Hi,
I’d like to ask a question of the forum regarding any potential drawbacks of a limited exercise selection enforced by injury. Any help would be greatly appreciated.
First for background, I am late 40’s, I’m five nine, 190lbs, 21% bodyfat. I’m interested primarily in hypertrophy and reduction of bodyfat. Within the constraints listed below I would like to be as ambitious as possible.
Formerly I did combat sports, rock climbing, marathon running, triathlon, okay-ish weight training in my early 20’s (330lb for 8 to 10 ATG squats). The net effect is wear and tear on both knees but particularly the right knee on which I’ve had a scope previously but it didn’t clear the problem 100%.
Due to family and running my own small business, the most practical option for me is home training. I have a bench, a bar, adjustable dumbbells and heavy kettlebells.
My issue is with leg training generally and more specifically quad development. I have found through elimination only a limited number of exercises do not seem to aggravate the knee and as a separate issue bring on patellar tendonitis.
The exercises I CAN tolerate are moderate height step-ups, front squats to a chair and RDLs.
I have tried reverse lunges, lunges, rear foot elevated squats, deadlifts, deep squats, trap bar deadlifts etc.
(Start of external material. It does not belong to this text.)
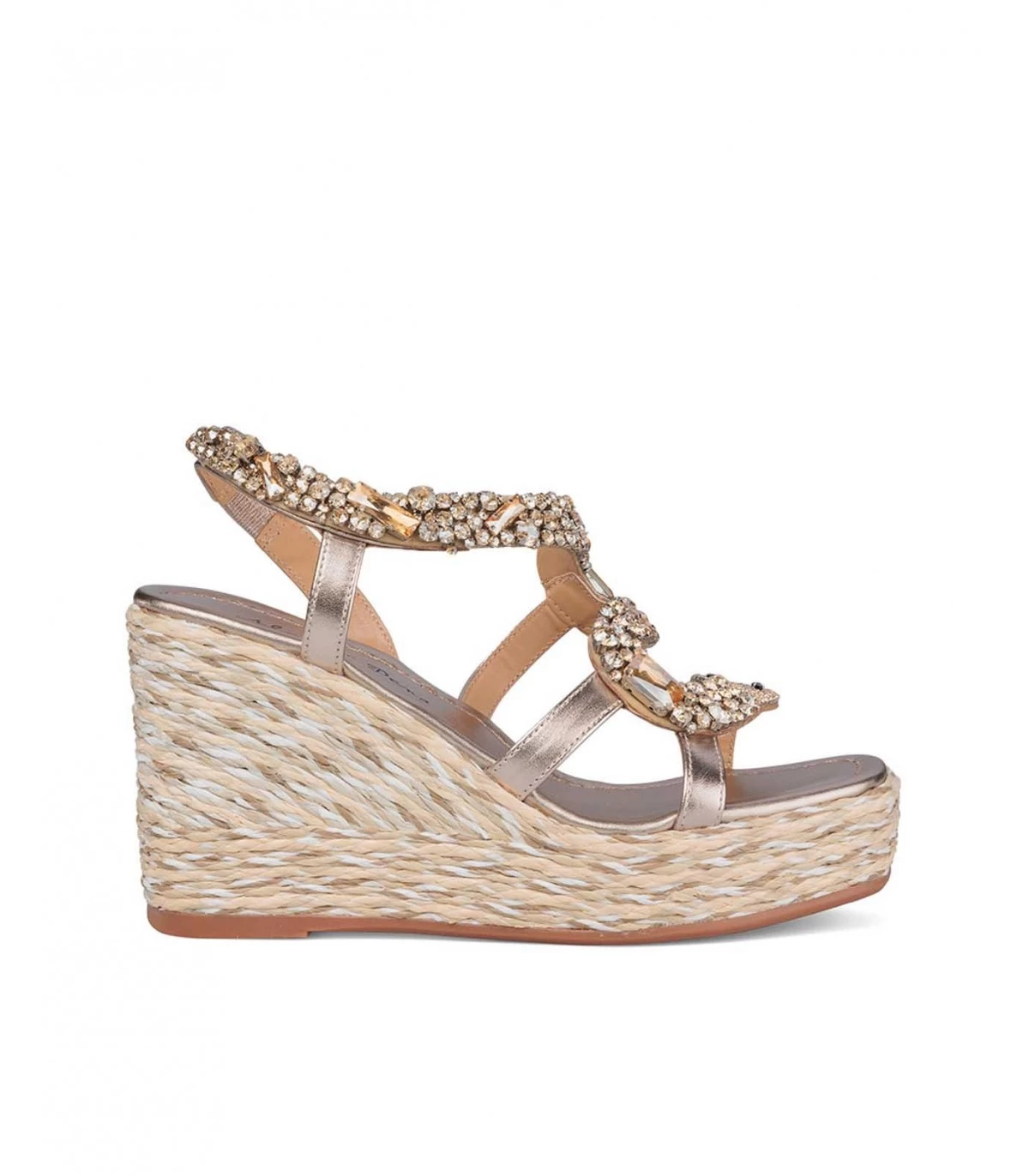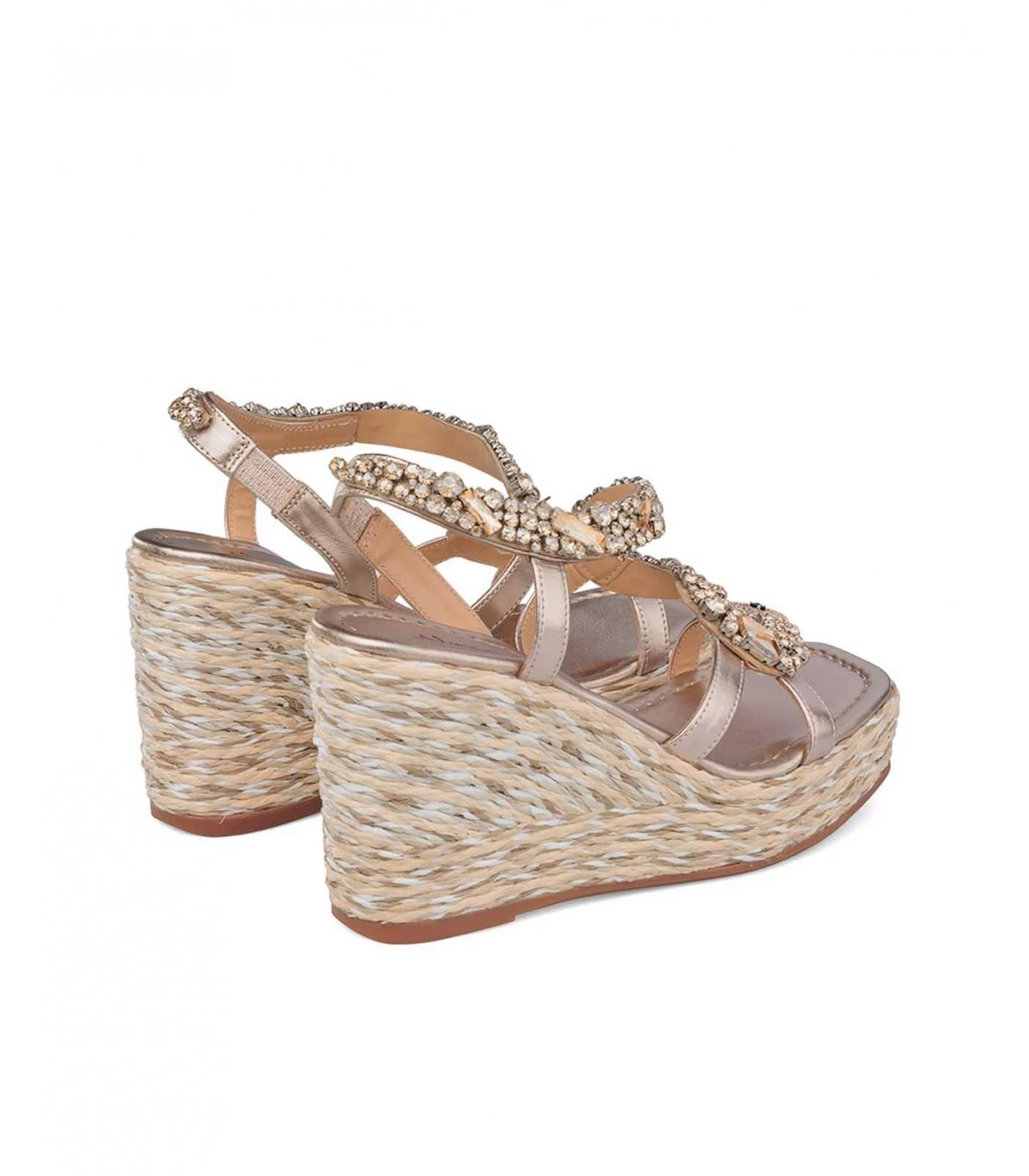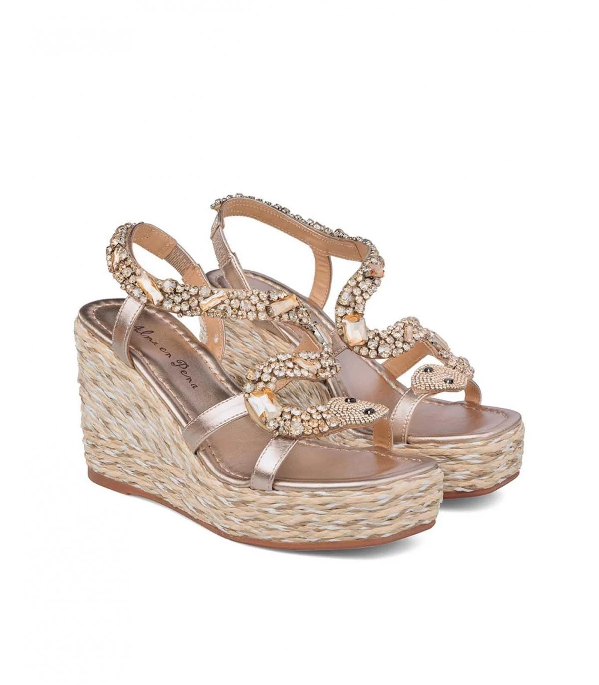 Sandalia cuña de piel con detalle de serpiente cubierta de pedrería en delantero. Punta cuadrada. Plantilla acolchada de piel. Altura del tacón 9,5cm.

I thought initially that reverse lunges would be a good exercise and was tolerating them reasonably well but after doing three sets of 15 reps on each leg last weekend (with 1 minute rest after deadlifting the day before) the patellar tendonitis was particularly bad and the general lateral knee pain was quite bad.
I am doing a push/pull, 6 days a week i.e. 3 each a week with low enough volume on each day, the CT format without the specific intensification techniques. I do a general and specific warmup and then afterwards do 15 minutes of stretching including calves, quads and hamstrings.
So, my question is if I am limited to moderate height step-ups, front squats to a chair and RDLs, is there any issue that I should be concerned about regarding imbalances which will effect either everyday function or hypertrophy.